Re: noreply@archlinux32.org sending Spam ?

I wonder about gmail adding the 'yes this is you' helper to your to field.  That suggests to me they didn't have your exact email address, but gmail guessed they meant you.  Can you check to see if the email address they used is exactly your address?

I've not had any spam like that yet here.  Maybe the database was leaked before I registered?
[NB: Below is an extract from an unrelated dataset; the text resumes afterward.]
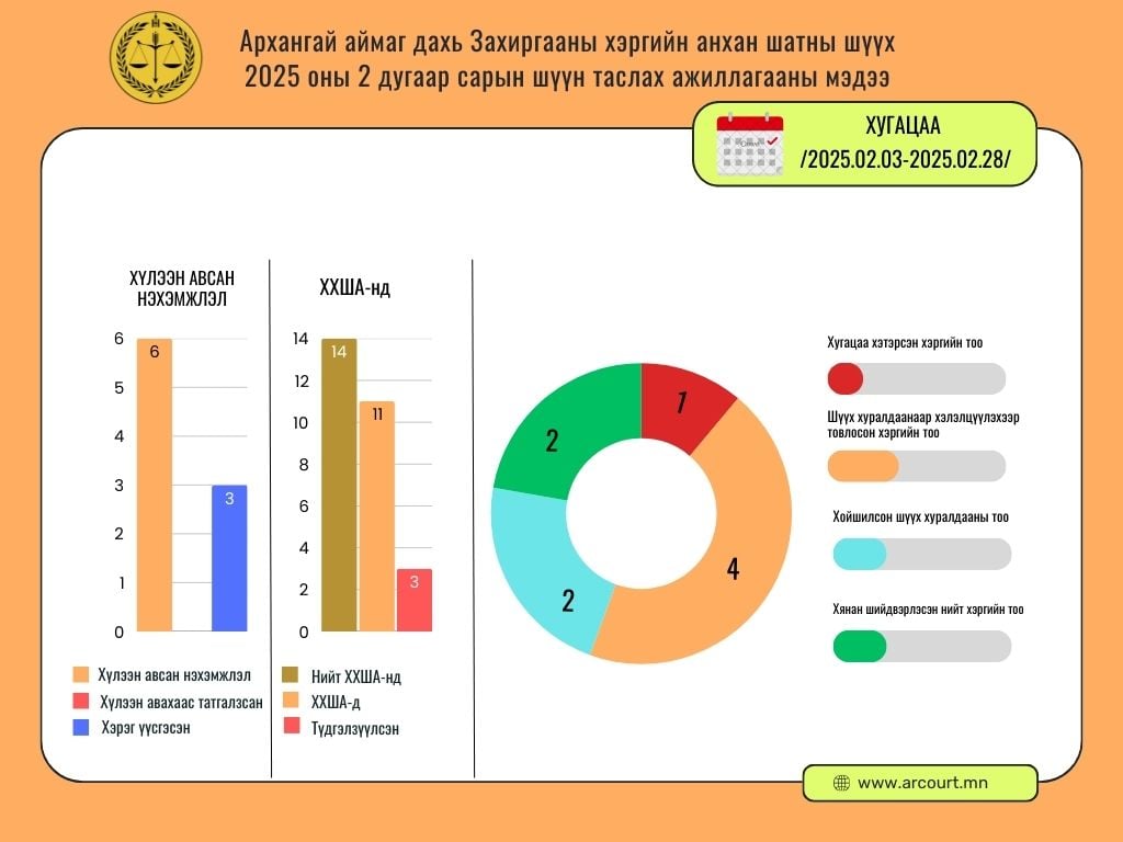 Архангай аймаг дахь Сум дундын анхан шатны шүүхийн 2025 оны 2 дугаар сарын шүүн таслах ажиллагааны мэдээ

Architecture: pentium4, Testing repos: Yes, Hardware: EeePC 901+2GB RAM+OS half on the SD card.

Offline

#6 2019-02-17 09:57:59

ula8000
Member
Registered: 2017-12-27
Posts: 11

Re: noreply@archlinux32.org sending Spam ?

Hi levi,
I anonymized my first post of course, there was exactly my email address, and exactly that one I used only for archlinux32.org.

Me:
Registered: 2017-12-27
email changed from gmail to posteo: 2018-09-18

I have the complete email header, if one would like to have a look...
For me it looks like a back-scatter from srv1.tyzoid.com, but that doesn't explain why they know the correct email address.

Offline

#7 2019-02-17 18:00:01

levi
Moderator
From: Yorkshire, UK
Registered: 2018-06-16
Posts: 1,197

Re: noreply@archlinux32.org sending Spam ?
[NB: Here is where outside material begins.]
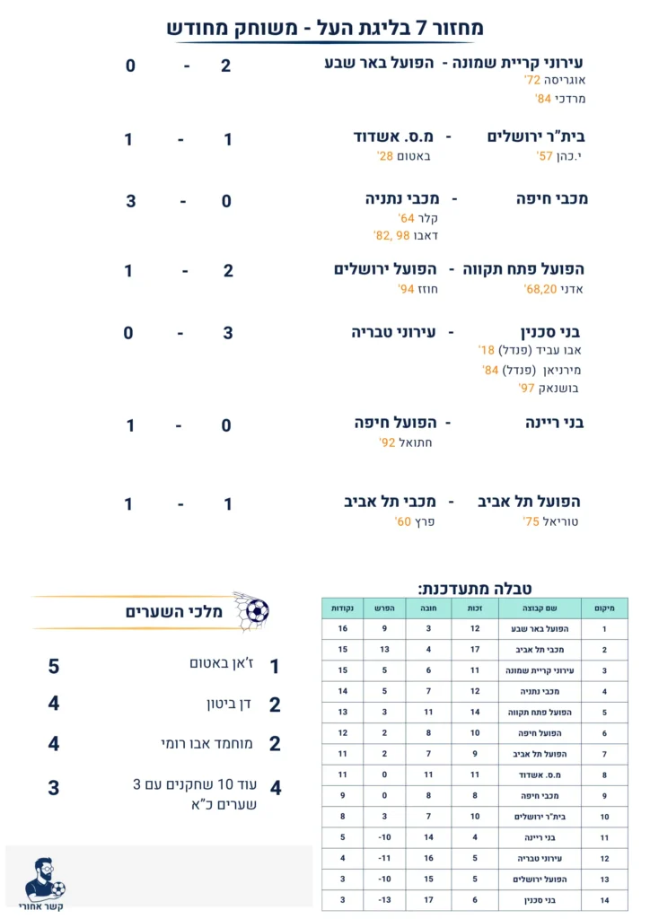עירוני קריית שמונה מפתיעה את הפועל באר שבע עם 0-2 ביתי. כן, באר שבע הייתה טובה יותר במשחק הזה, אבל שתי בעיטות קשות של אוגריסה ומרדכי עשו את ההבדל.

Can you post the intitial Received: lines?  You shouldn't need to post any received lines from after it gets inside google's domain, but there may be some previous lines that indicate it's actual mail path  (although it's always possible to prepend some fake ones, they should be true after a point).  Decoding received lines is a bit of a black art I find, but gmail when I used to use it at least seemed to add headers like this:

Received-SPF: pass (google.com: best guess record for domain of #mailsrv# designates #ip# as permitted sender) client-ip=;
Authentication-Results: mx.google.com; spf=pass (google.com: best guess record for domain of #mailsrv# designates #ip# as permitted sender) smtp.mailfrom=#mailsrv#

If they're still adding those headers (my last email to check is from 2018 before google blocked my client), at least one of them should be true and might tell you the actual server used, or at least google's best guess.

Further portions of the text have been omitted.